Superintendent Deena Bishop told the school board Tuesday that enrollment numbers are “significantly down” from where they’ve been at this same time in prior years. About 5,000 fewer students have enrolled in the district’s schools so far this summer compared with 2019 and 2018, she said.

“It was fairly steady the last two years; however, we’ve taken a major dip,” Bishop said.

The number of students who are transferring out of the district has also jumped. As of Tuesday afternoon, a total of 660 transferred, compared to just 52 last year. Of those, 474 have switched to an Alaska state correspondence school, or home school, and 186 went to a private school or left the state.

Two weeks remain before the school year begins on Aug. 20, Bishop cautioned. A little more than 1,700 student registrations are in process but have not yet been completed, she said.

The district announced last week that it would begin the school year with online-only classes because the coronavirus risk level has gone up.

Students can pick from three options and remain in the school district this year:

• They can sign up for their regular school, which starts online but may change to a mix of in-person and online classes or in-person only as the COVID-19 risk changes.

• They can choose the district’s new virtual program, which is designed like a home school but keeps the student enrolled in their neighborhood school.

• They can choose one of the district’s three other, already established home school programs.

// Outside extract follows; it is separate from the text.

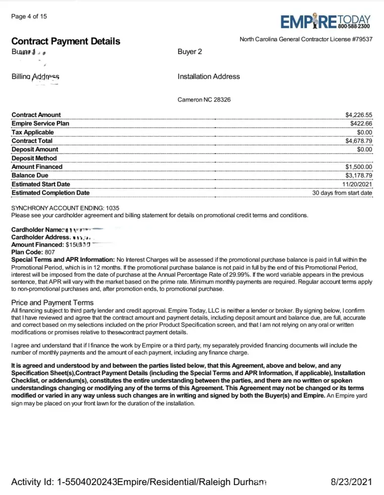 Empire Today Sneaky warranty

Families may be slow to register because they are still choosing the option that will work best for their specific situation, district officials said.

“Parents have really big decisions to make, so I don’t know that we can hurry it,” deputy superintendent Mark Stock said of the registration process.

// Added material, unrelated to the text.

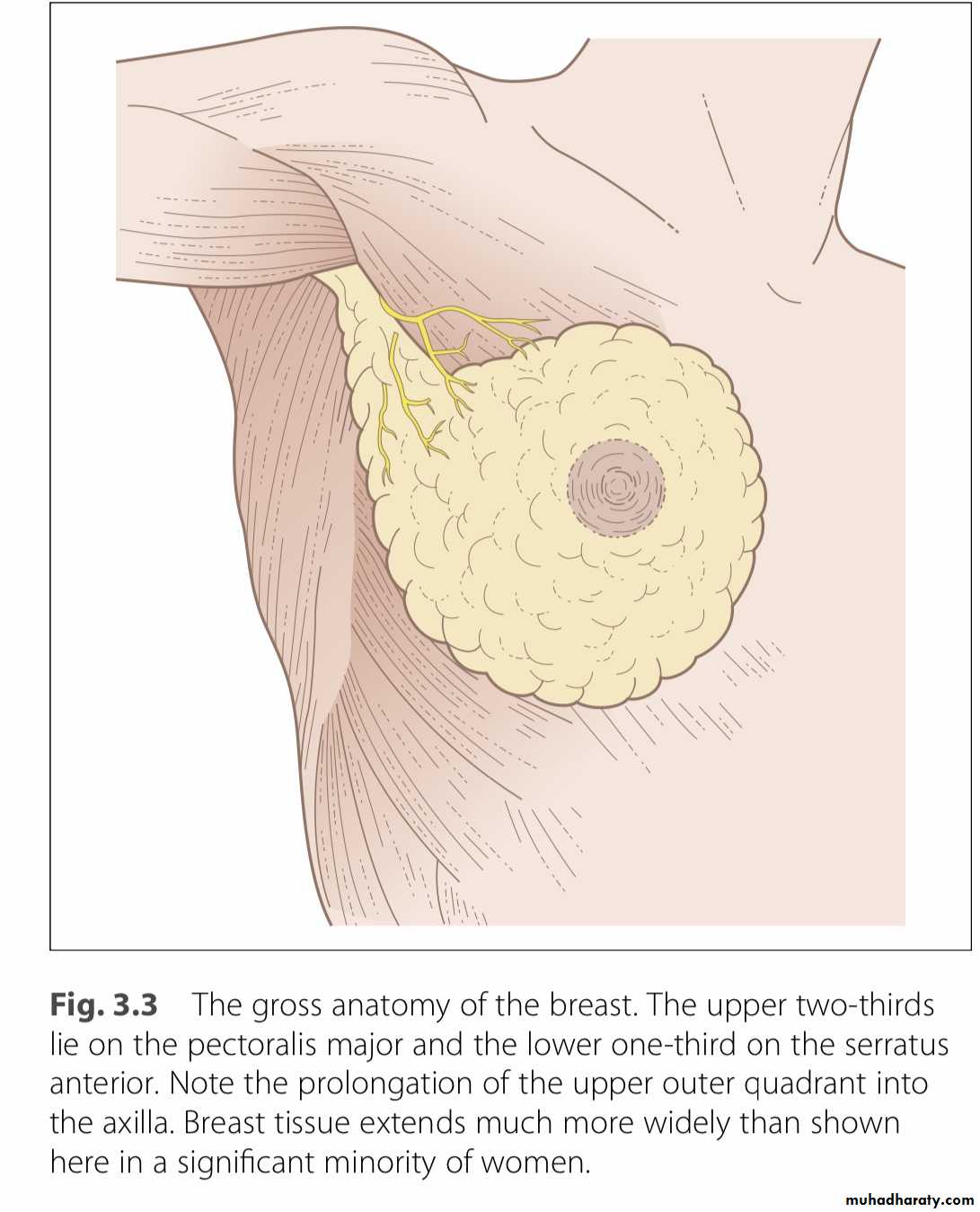The breasts are located within the superficial fascia of the anterior chest wall.Extent

The enrollment process also has some major differences from previous years, since families must now schedule appointments instead of dropping in and must go through a health screening before entering school buildings. That slows the enrollment process down, Bishop said. It is possible to fully enroll online, but many families want face-to-face appointments with district counselors.

Anchorage School District Chief Financial Officer Jim Anderson said it’s too soon to tell just how large of an impact the pandemic will have on the school’s finances. Public schools get money through a formula which is based on school enrollment, and so any time that drops, a school has less money for its programs.

Each year, school administrators factor in an enrollment buffer of between 50 to 500 students as they prepare for the coming year, Bishop said.

This drop is “significant compared to that,” she said.